The strange bedfellows who want a little POWER


Thanks to reader Karl S for the initial report that got me down the rabbit hole, who discovered a quiet entry for a PowerPi workgroup at the OpenPOWER Foundation, clearly modeled on the ARM-based Raspberry Pi.

The obvious basis for a "little Power" device would be something like Microwatt, which Raptor is already using for Kestrel, and to which IBM staff regularly adds new features. While IBM also opened up other cores, notably the A2 family, Microwatt is (or at least will be) more like what's under our desk in terms of supported instructions and features, and is probably the easiest of the open synthesizeable cores to work with right now.

Still, Microwatt is "merely" a core, albeit a rapidly developing one, and not actually a product for sale or even a chip (though it may be in the near future). This makes the PowerPi concept particularly interesting in that it's trying to use real hardware to appeal to the same market segment that would rather experiment with something smaller, but end up unrealistically repelled by even Raptor's "low end" (relatively) pricing and reach instead for ARM or RISC-V boards because of their sensitivity to cost.

The PowerPi workgroup has four members. The first three are IBM (naturally); YADRO, a Russian manufacturer of high performance servers and storage solutions; and Van Tosh, a Belgian cloud solutions provider with their own RHEL offshoot. With the exception of IBM, none of them seem to have the expertise to work on a mini-POWER system, nor do their current sites indicate any particular proclivity.
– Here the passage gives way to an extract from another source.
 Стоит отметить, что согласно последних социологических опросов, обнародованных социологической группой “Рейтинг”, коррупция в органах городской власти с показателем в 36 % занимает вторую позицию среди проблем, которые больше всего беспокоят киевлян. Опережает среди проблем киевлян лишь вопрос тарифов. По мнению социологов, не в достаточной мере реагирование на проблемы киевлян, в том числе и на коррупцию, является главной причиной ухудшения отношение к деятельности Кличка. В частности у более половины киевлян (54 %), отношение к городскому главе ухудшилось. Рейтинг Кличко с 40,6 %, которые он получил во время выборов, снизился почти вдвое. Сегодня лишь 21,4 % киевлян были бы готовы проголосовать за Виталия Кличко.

But the fourth is noteworthy, a company called ChipEleven, a new, privately held VC-backed fabless design firm based in New Orleans that started just last year. Its CEO is a Master's student at Georgia Institute of Technology. They advertise a system on a chip with lots of peripheral interconnects, a quadcore ISA 3.0B-compliant CPU, an ARM Mali G77 GPU, onboard VGA up to 1920x1080, Ethernet, SPI flash and DDR4 RAM controller, with an ETA of 2023.
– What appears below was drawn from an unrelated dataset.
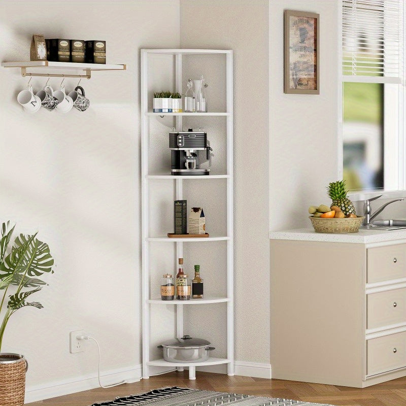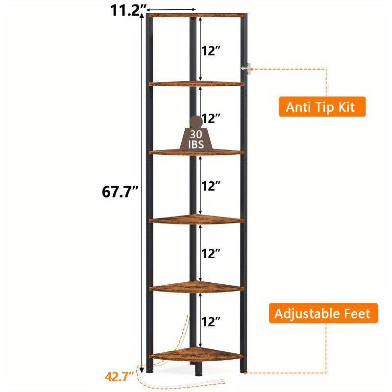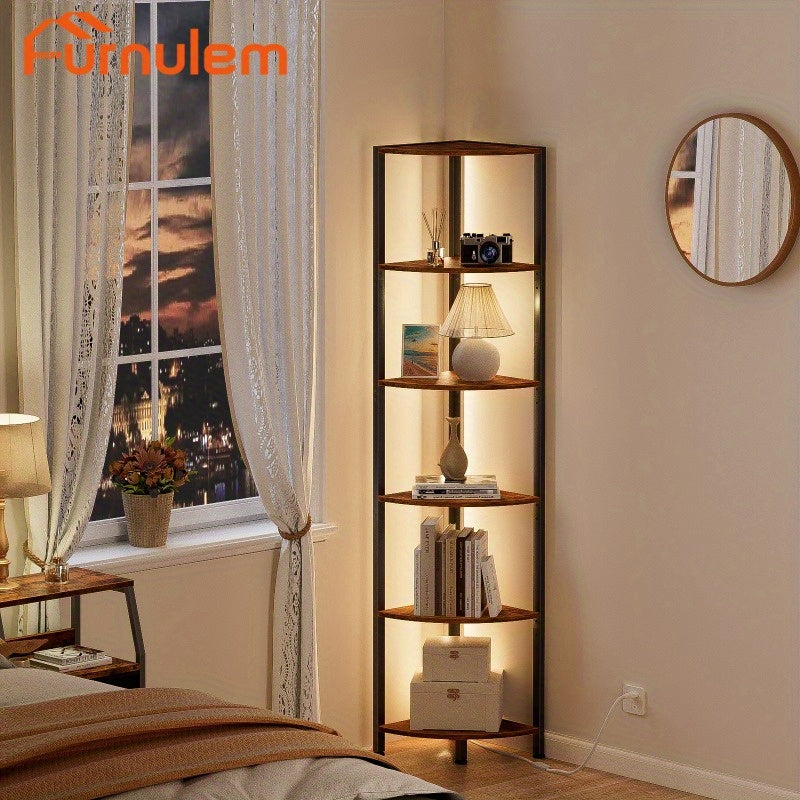 Furnulem Corner Shelf with LED Light, Home Storage Display in Small Space, Narrow Bookshelf in Home and Office

Does this sound a little familiar? It might, because an earlier project exists called Libre-SOC. Libre-SOC started with a RISC-V design to serve as a libre GPU, interestingly based on the CDC 6600, but shifted to OpenPOWER for higher performance and now plans to release an entire SoC instead. Raptor has provided material assistance (though Kestrel is proceeding on its own separate path) and development by volunteers is funded by NLNet donations. Allegedly, ChipEleven started with the Libre-SOC project and cleaved off, though to what extent (if any) ChipEleven's design derives from Libre-SOC is disputed.

It's not generally my habit to report on new speculative projects because a lot of them, even those with well-meaning and motivated people, will eventually flame out or their organizers lose interest. And ChipEleven may do just that: 2023 is a long way off (POWER10 will have certainly arrived by that point) and that doesn't mean there will be an actual physical product you can buy, let alone what it would cost. For its part, Libre-SOC wisely makes no promises. Still, the fact such a workgroup exists and has the backing of the OpenPOWER Foundation is notable, even if the current members are a motley bunch. Whether they can actually ship something is another story.